The importance of sensors in wind turbine O&M
The subject of wind turbine maintenance is becoming increasingly important, especially as growing numbers of turbines are now falling outside of the original manufacturers’ warranties.
Ideally, wind farm operators want to minimise maintenance costs and maximise turbine availability and although these opposing demands can be met, they depend on the continued reliability of all turbine systems.
It can, however, often be the failure of the smallest of components that cause the most downtime, with the failure of electrical and sensor parts causing just as much downtime as the failure of gearboxes or hydraulic systems.
Smaller components important
It is vital that a catalogue of reliable components and practices for the effective maintenance of wind turbines can be established. As with any other engineering industry, the goal for the maintenance of wind turbines is to set in place a series of procedures that will increase efficiency by preventative measures. If components can be introduced that are highly unlikely to cause failures and stoppages, loss of electricity sales can be avoided.

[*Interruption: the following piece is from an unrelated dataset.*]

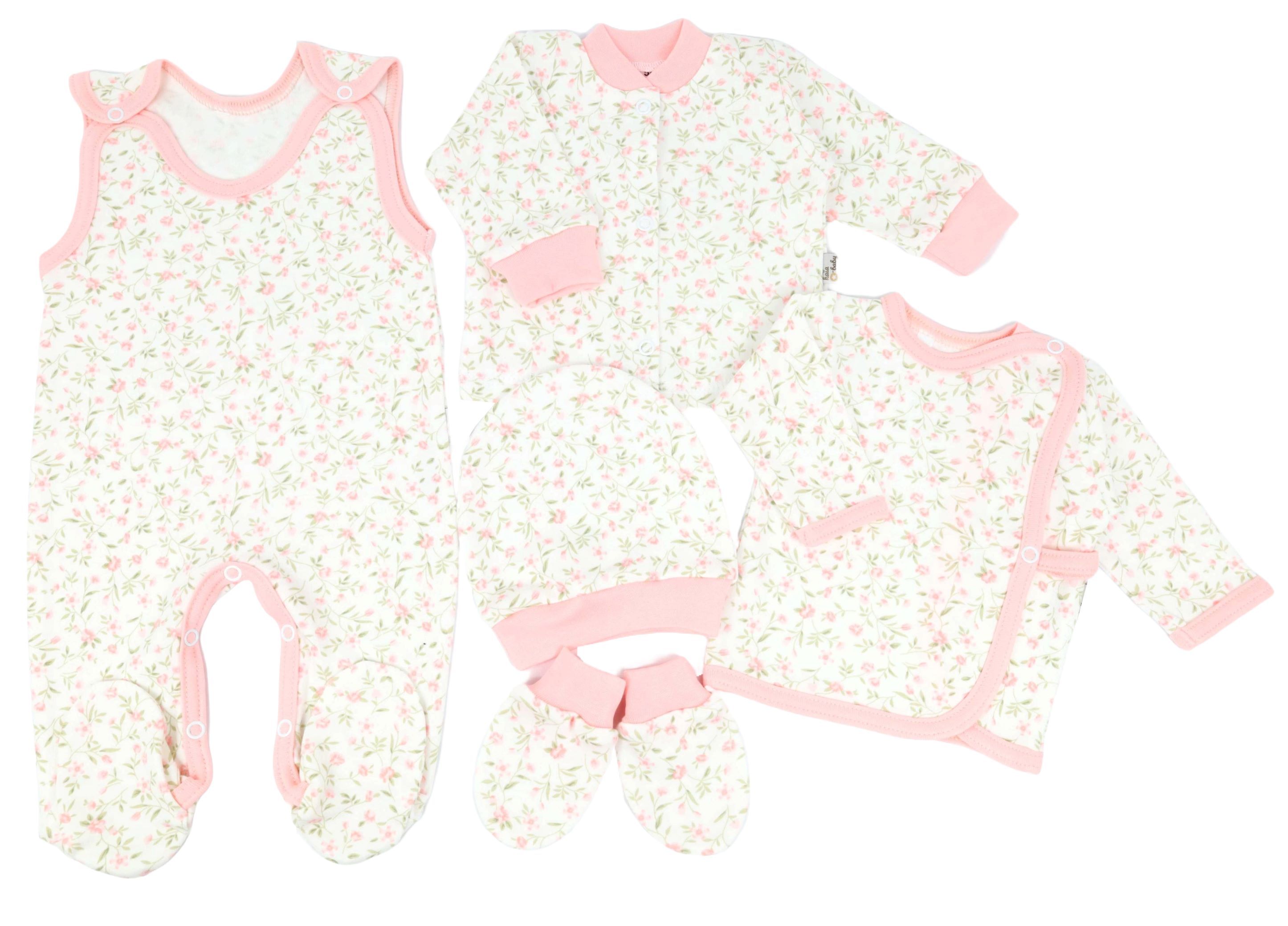 Kūdikio kraitelis - drabužėliai naujagimiui "Candy flowers" 5 dalių rožinės spalvos

The need to reduce maintenance is especially urgent when you consider the environments in which wind turbines are situated. Accessing a wind turbine nacelle is typically difficult at the best of times but when the location of some wind turbines is taken into account, such as offshore windfarms that cannot even be visited until a repair vessel has been organised, the importance of avoiding unscheduled maintenance and extending times between scheduled maintenance is only too clear.
The best way to sidestep such problems is to specify turbines with devices that ensure reliable function for extended periods under extreme operating conditions from the outset or, where existing turbines are concerned, at the earliest opportunity.

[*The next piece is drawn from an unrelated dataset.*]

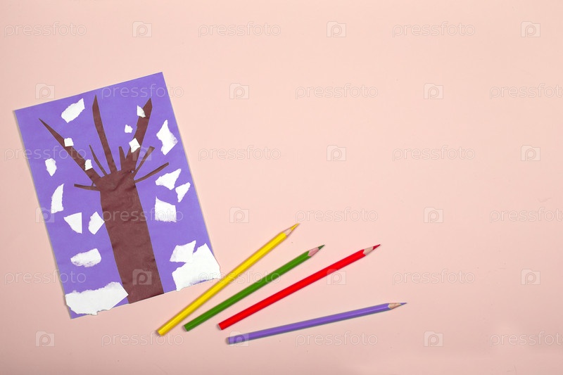 Поделки из бумаги для детей. Применение детского творчества. Детский сад и школа ремесел. На розовом фоне дерево из цветной бумаги

To meet this need, manufacturers are developing pressure switches and transducers that ensure turbines function reliably for extended periods and under extreme operating conditions. Pressure switches and transducers are key components in turbines, being used to monitor and control hydraulic pitch, yaw and braking systems, and failure of a pressure component can potentially cause major damage.

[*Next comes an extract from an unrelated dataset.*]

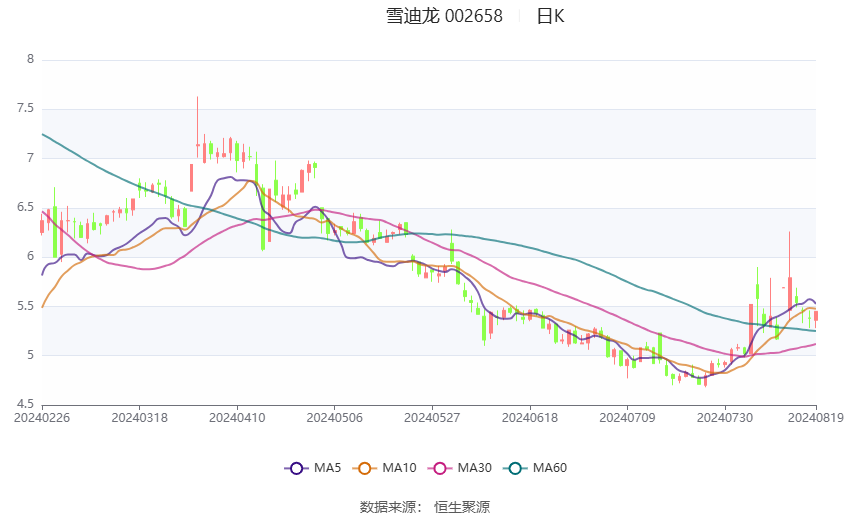 雪迪龙:2024年上半年净利润4937.95万元 同比下降39.88%

The good news is that such components are increasingly being made available in robust, exceptionally reliable form and to a wide range of specifications, defending systems from failure and operators from the costs that even small unplanned maintenance periods can create.
In a typical wind turbine, key actions are managed via a series of pressure sensors to ensure safe and efficient operation, for example, the management of the pitch control system. In order to optimise the productivity of a wind turbine, its power output must be maximised at any given wind speed and this is achieved by adjusting the angle at which the edge of the blade cuts into the wind.
Pressure transducers play an important role in ensuring swift changes in the pitch of the blades, changes that can also prevent the turbine from damage; if the wind speed rises above the turbine’s rate capacity, the blades must be edged parallel with the wind, or ‘furled’, to avoid any potential damage.
Hydraulic pitch control, a system that uses fewer components than a mechanical alternative and thus satisfies the need for reduced maintenance, is the most common method of protecting the blades as described above, since it responds more quickly and minimises the likelihood of overload.
Hydraulic pitch control is typically accompanied by hydraulic yaw control, a system that maximises power output by positioning the rotor to face the wind and which is also controlled by pressure sensors.
Gems is an example of a manufacturer that sells a wide range of pressure switches and transducers, and level switches, for use in hydraulic systems.
Typically, for wind turbines, these include pressure switches for use on the main manifold and system pumps, and on accumulators and yaw control and braking systems, plus sensors for monitoring lubricant pressures in gearboxes and levels in hydraulic reservoirs.
In each case, switches and transducers are engineered to ensure high overpressure capability, to withstand a wide range of extreme temperatures and vibration, and to offer protection against high levels of electromagnetic interference.
Now that wind power is no longer seen as an optional alternative but a key component in the portfolio of sustainable technologies that will be fulfilling our demand for energy in the future, the need to support the industry with the latest innovative and robust technology is greater than ever before. Sensors are playing an important role in managing the costs of wind energy production to boost the economic and environmental benefits of this vital technology.